→ Prompt:
Leaving out every picture, copy the lines of the data exactly, from the first through the line containing "Fitted kesim, askılı".

→ Collected data:
——
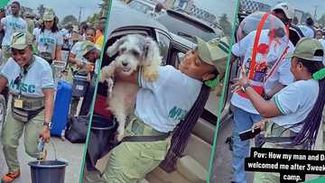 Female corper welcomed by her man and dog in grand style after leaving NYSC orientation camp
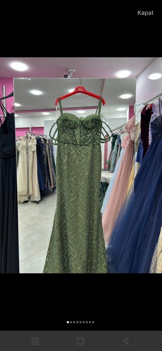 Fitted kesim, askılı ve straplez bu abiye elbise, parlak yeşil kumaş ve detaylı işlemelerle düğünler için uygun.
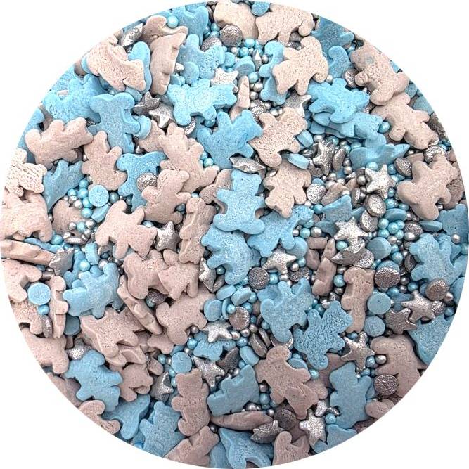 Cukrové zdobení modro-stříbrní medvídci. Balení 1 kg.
——
→ Solution to this problem:
 Female corper welcomed by her man and dog in grand style after leaving NYSC orientation camp
 Fitted kesim, askılı ve straplez bu abiye elbise, parlak yeşil kumaş ve detaylı işlemelerle düğünler için uygun.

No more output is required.